Hint: use the `filter` operation with the `wordCountsGrouped` RDD.

In [None]:
# TODO: Replace <FILL IN> with appropriate code
uniqueWords = wordCountsGrouped.<FILL IN>
print (uniqueWords)

In [None]:
# TEST Unique words (3a)
assert uniqueWords == 1, 'incorrect count of uniqueWords'
print('All tests passed!')

#### ** (3b) Mean using `reduce` **
#### Find the mean number of words per word in `wordCounts`.
#### Use a `reduce()` action to sum the counts in `wordCounts` and then divide by the number of unique words.  First `map()` the pair RDD `wordCounts`, which consists of (key, value) pairs, to an RDD of values.

In [None]:
# TODO: Replace <FILL IN> with appropriate code
from operator import add
totalCount = (wordCounts
              .map(<FILL IN>)
              .reduce(<FILL IN>)
numWords = wordCounts.<FILL IN>
average = totalCount / float(numWords)
print (totalCount)
print (round(average, 2))

In [None]:
# TEST Mean using reduce (3b)
assert round(average, 2) == 1.67, 'incorrect value of average'
print('All tests passed!')

### ** Part 4: Analysing real datasets **

#### In this section we will make use of real data from a csv file, load in our data source, and do some analytics with Apache Spark on the new dataset.

#### ** (4a) Load a text file **
#### For the next part of this lab, we will use the [Real Estate Transactions](http://samplecsvs.s3.amazonaws.com/Sacramentorealestatetransactions.csv) from [SpatialKey Sample CSV Data](https://support.spatialkey.com/spatialkey-sample-csv-data/).

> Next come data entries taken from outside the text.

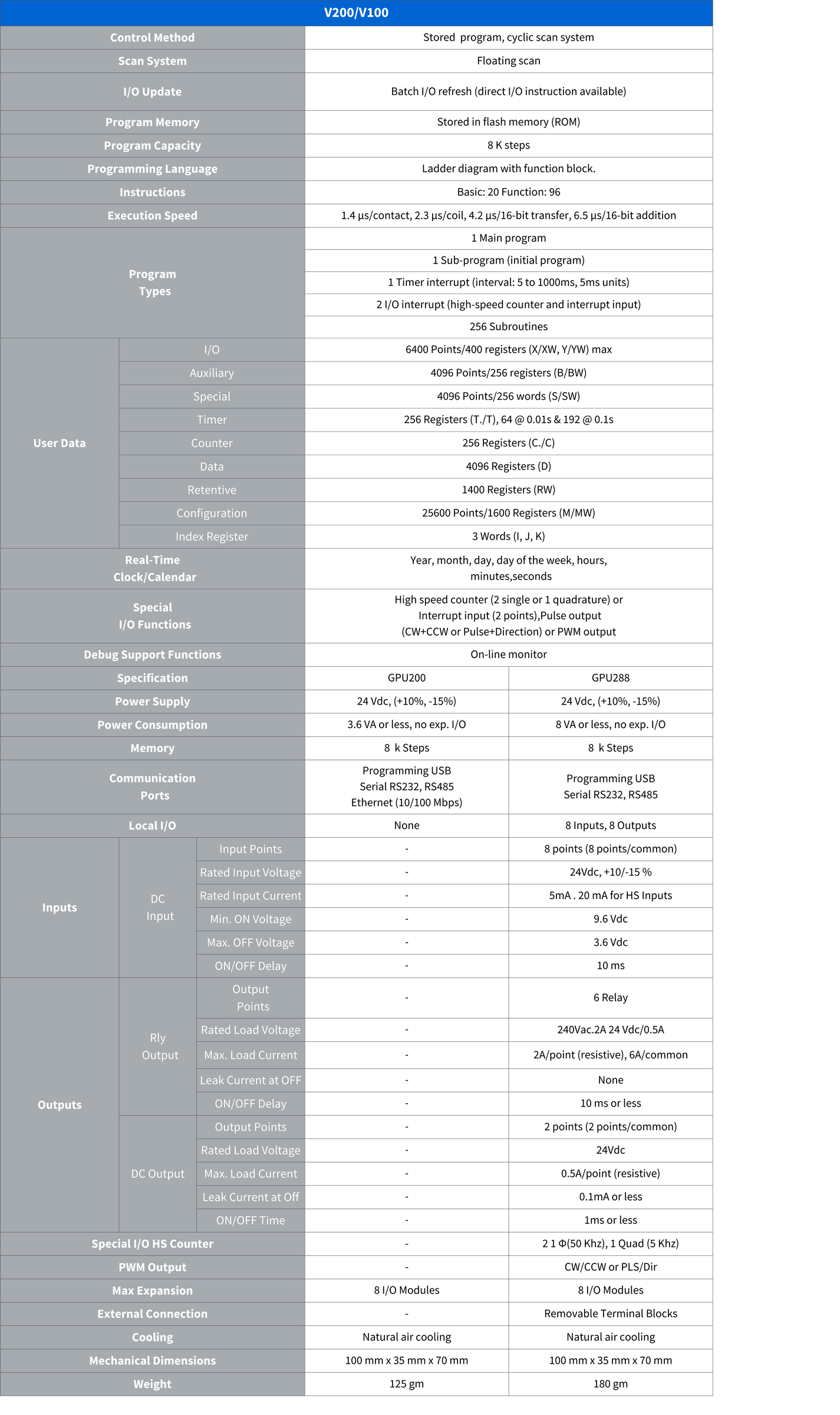 Toshiba’s V200 series products are micro programmable logic controllers with optional expansion I/O. Impressive communications capabilities, an advanced instruction set, and a large memory (program and data register) make the V200 an ideal fit for applications that previously required larger, more expensive programmable controllers. In addition, the V200’s high-speed performance makes it especially suited for sophisticated machine-control and complicated process-control applications.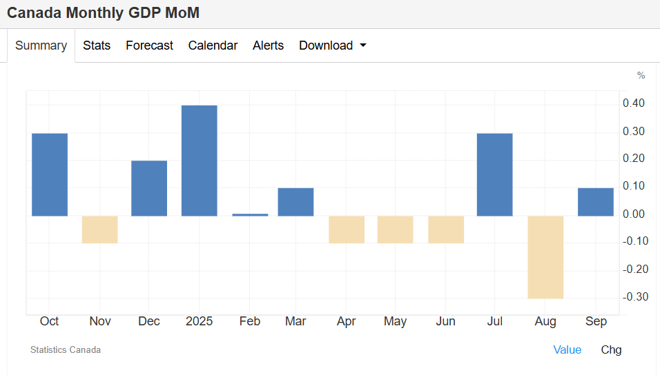 That 0.1% GDP gain in September is weak, but I do think it’s important to keep it in context. We’ve had months of trade tension and sluggish energy output, so even small growth shows at least some resilience. I see this as the early stage of a “slow and low” phase, not a deep downturn, but not much excitement either. What matters now is whether new U.S. tariffs and global supply shifts drag the economy down further, or if domestic demand and retail spending keep the floor under growth. Either way, it’s pretty obvious that Canada’s economic story is shifting from fighting inflation to growth recovery, although no doubt it will be tough sledding.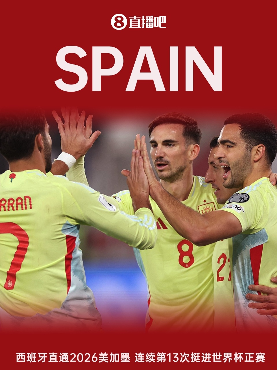 这是西班牙队史第17次晋级世界杯决赛圈,也是他们连续第13次挺进世界杯正赛,“斗牛士军团”自从1978年开始就从未缺席!2010年,西班牙在南非世界杯夺得冠军,而他们最近的两次参赛均止步十六强。

The Sacramento real estate transactions file is a list of 985 real estate transactions in the Sacramento area reported over a five-day period, as reported by the Sacramento Bee. Note that this file has address level information that you can choose to geocode, or you can use the existing latitude/longitude in the file.

In [None]:
# Just run this code
import os.path
from pyspark.sql import Row
#import pyspark_csv as pycsv

baseDir = os.path.join('/tmp')
inputPath = os.path.join('data', 'Sacramentorealestatetransactions.csv')
csvFileName = os.path.join(baseDir, inputPath)

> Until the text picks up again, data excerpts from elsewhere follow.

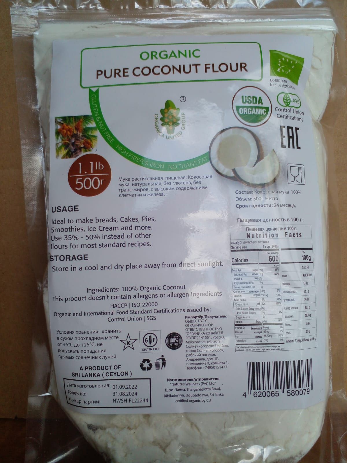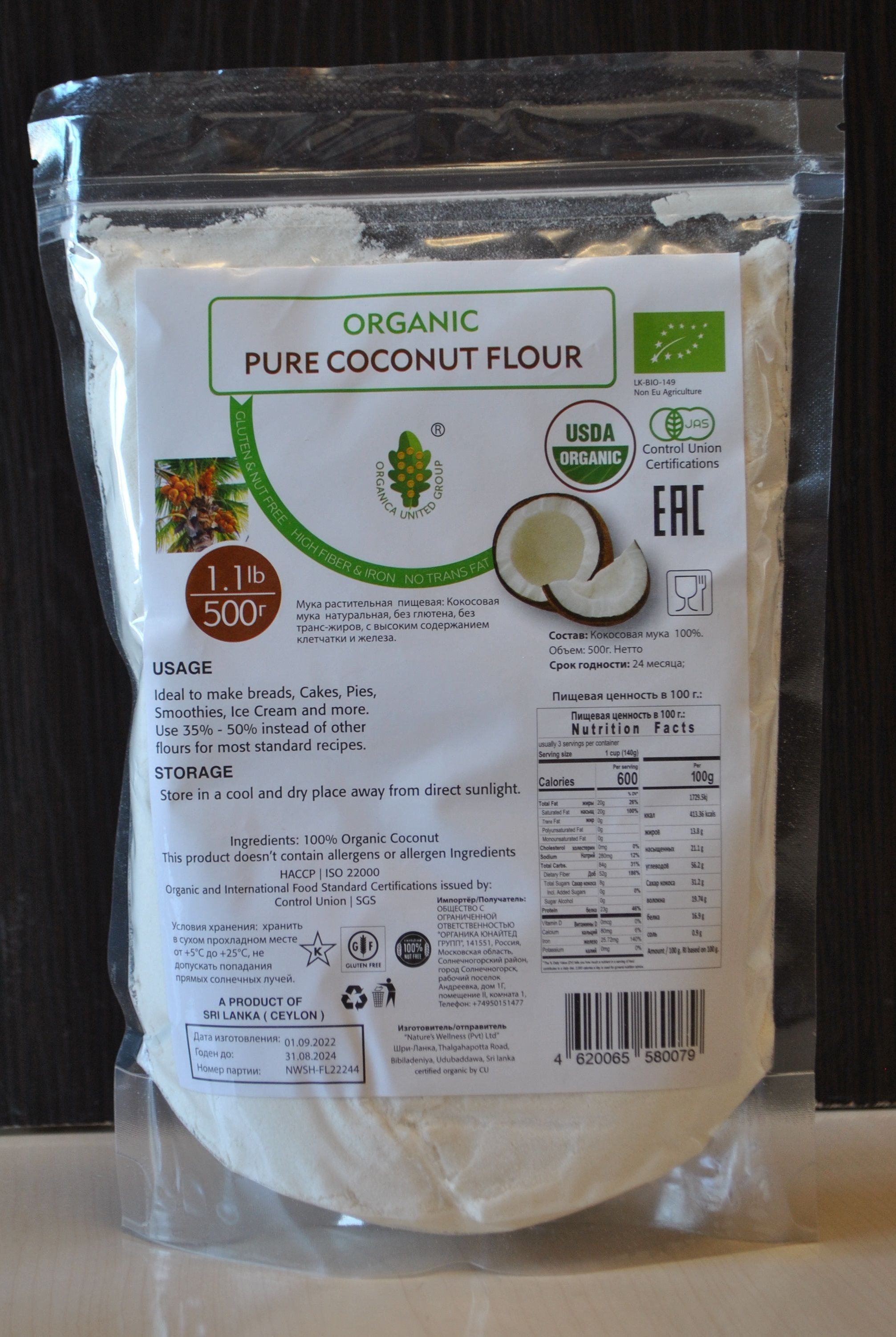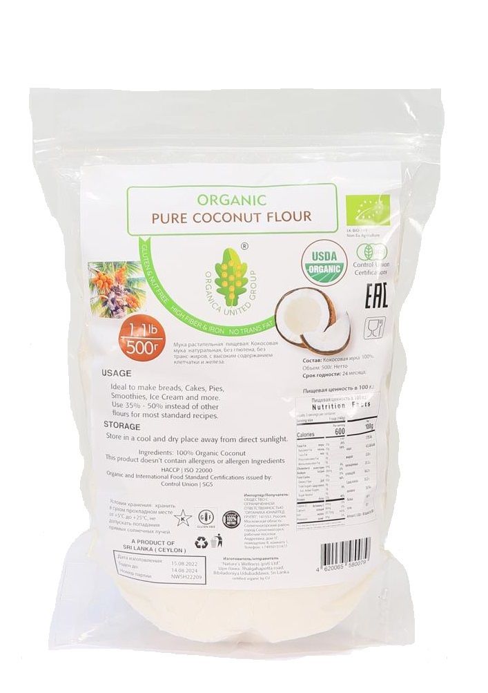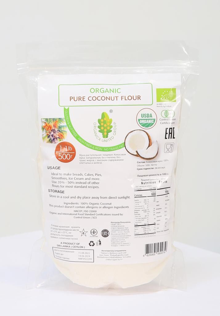 ORGANICA UNITED GROUP, КОКОСОВАЯ МУКА organic coconut flour . Пищевая 500г.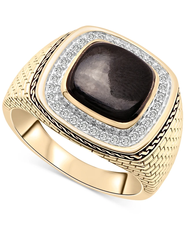 Men's Onyx & Diamond (1/5 ct. t.w.) Brick Texture Ring in 14k Gold-Plated Sterling Silver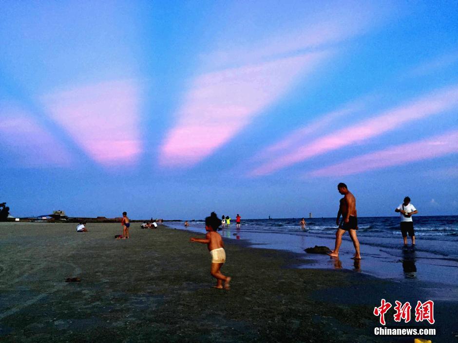 6月27日,廣西北海僑港海灘現(xiàn)晚霞奇觀。受副熱帶高壓影響,廣西連日持續(xù)高溫天氣,而高溫“燒”出的晚霞美景美不勝收,不少市民和游客趁傍晚時間趕海消暑,欣賞迷人晚霞。據(jù)廣西氣象臺預(yù)計,未來幾天高溫持續(xù),28日將進入本次高溫的最強階段。中新社記者 翟李強 攝
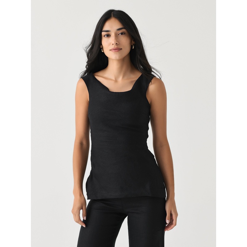 This feminine off-shoulder top is the epitome of effortless chic. Its bias-cut design and split hem flatter the figure, while the luxurious European Flax linen ensures comfort and style.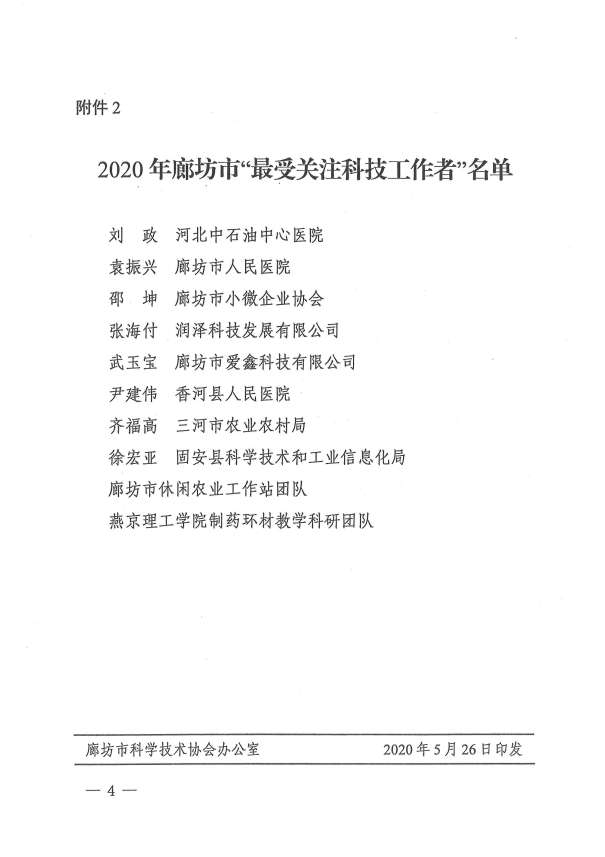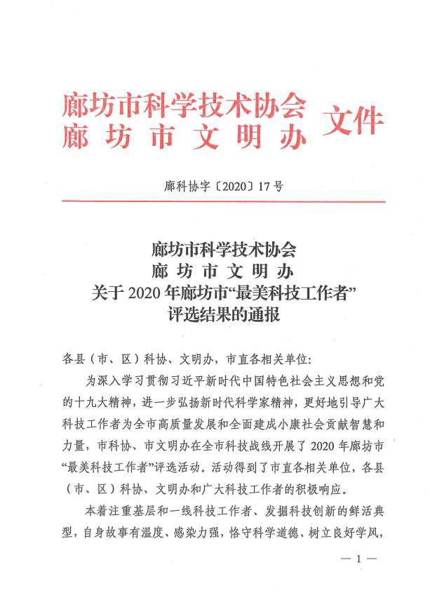 廊坊市“廊坊市最美科技工作者”评选通报文件

#attributes are from the first row

sacramentoWithHeaderRDD = (sc.textFile('/tmp/data/Sacramentorealestatetransactions.csv')
                .map(lambda line : line.split(','))
                .map(lambda x : Row(
            street = x[0],
            city = x[1],
            zipcode = x[2],
            state = x[3],
            beds = x[4],
            baths = x[5],
            sqfeet = x[6],
            typeOfHouse = x[7],
            saleDate = x[8],
            price = x[9],
            latitude = x[10],
            longitude = x[11]
        )))
header = sacramentoWithHeaderRDD.take(1)[0]
sacramentoRDD = sacramentoWithHeaderRDD.filter(lambda line: line != header)
print (sacramentoRDD.top(10))

#### ** (4b) Find median, mean and standard deviation of the prices **
####As a real estate company, you may be interested in the mean and standard deviation of the prices of the houses in the area. In this section, we will be referencing the Apache PySpark API to calculate these values.

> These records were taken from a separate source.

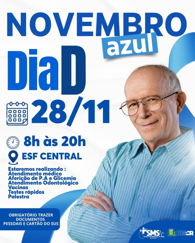 Costa Rica realiza hoje na ESF Central até às 20h, o ‘Dia D’ do Novembro Azul com foco na Saúde Masculina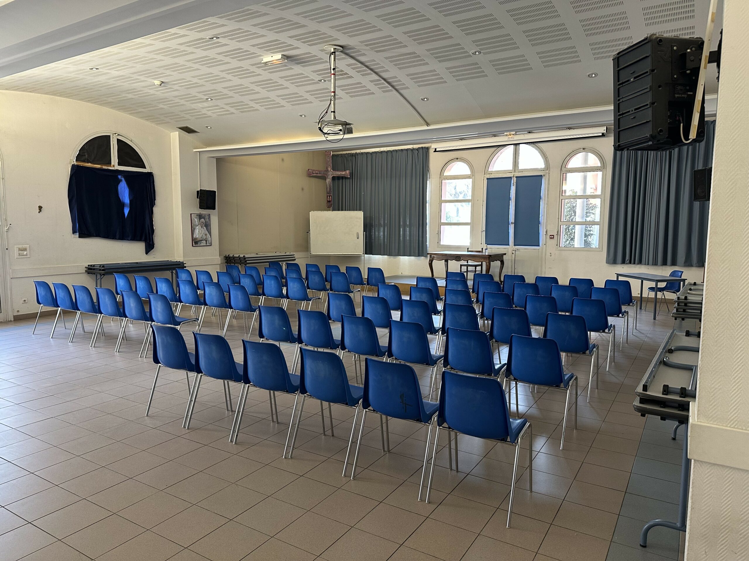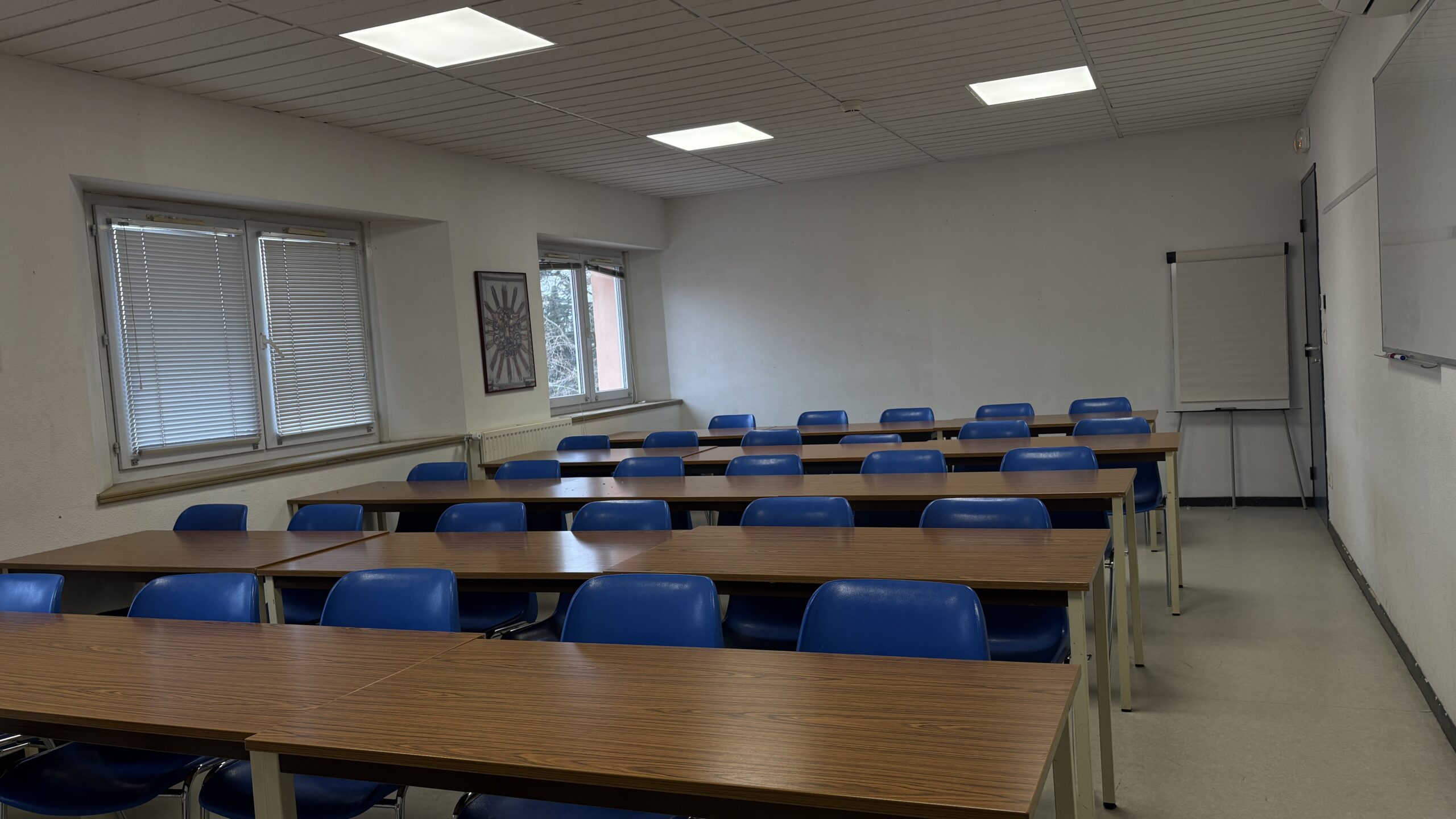 - Équipements audiovisuels : vidéoprojecteur, écran, WiFi haut débit, papperboard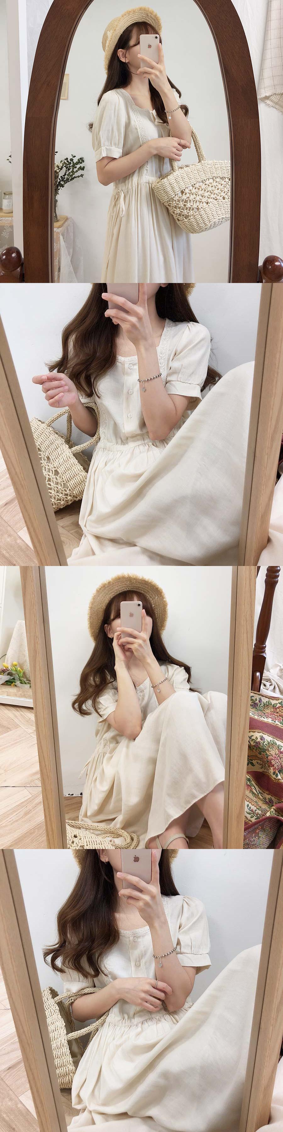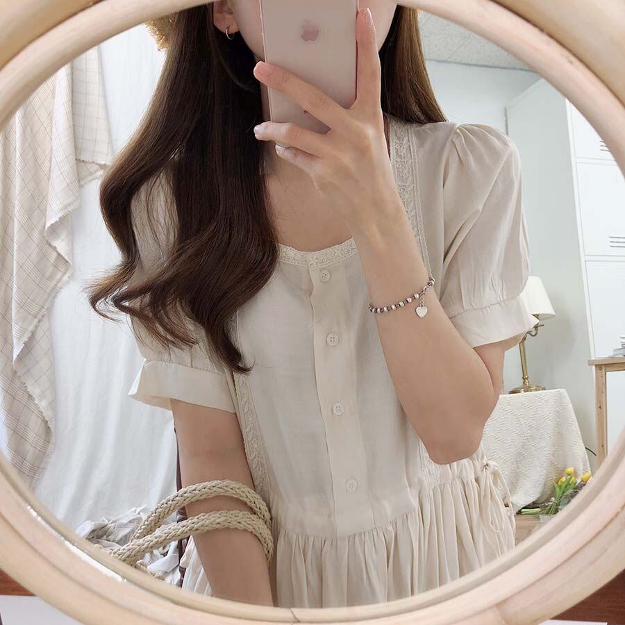 サマースタンダードスカート ウェストロングドレス コットン レトロ 夏物 左左右右0469862

[Apache PySpark API](http://spark.apache.org/docs/latest/api/python/pyspark.html)

In [None]:
#Map the RDD to prices
sacramentoPricesRDD = sacramentoRDD.map(<FILL IN>)

#Find the mean
mean = sacramentoPricesRDD.mean()
print (mean)

#Find the standard deviation
stDev = sacramentoPricesRDD.stdev()
print (stDev)

In [None]:
# TEST Mean, StDev (4b)
assert mean == 234144.26395939104, "invalid mean"
assert round(stDev,2) == 138295.58, "invalid stDev"
print("All passed!")

#### ** (4c) Find the most expensive house **
####Now let's try to find the most expensive house in the region. You will be using the `takeOrdered()` for this. takeOrdered takes in an integer n of the number of houses you want to search. The key is the function to be applied to the elements before they are sorted in ascending order.

[Apache PySpark API](http://spark.apache.org/docs/latest/api/python/pyspark.html)

In [None]:
mostExpensiveHouse = sacramentoRDD.takeOrdered(1, lambda x: -float(x.price))
print (mostExpensiveHouse[0])

In [None]:
assert mostExpensiveHouse[0].price == str(884790), "invalid most expensive house"
print ('All tests passed')

#### ** (4d) Find the top-k cheapest house **
####Now let's try to find the top-k cheapest houses in the region. The top-k notation is just a way of saying that you are taking the first `k` number of entries. You will be using the `takeOrdered()` for this. takeOrdered takes in an integer n of the number of houses you want to search. The key is the function to be applied to the elements before they are sorted in ascending order.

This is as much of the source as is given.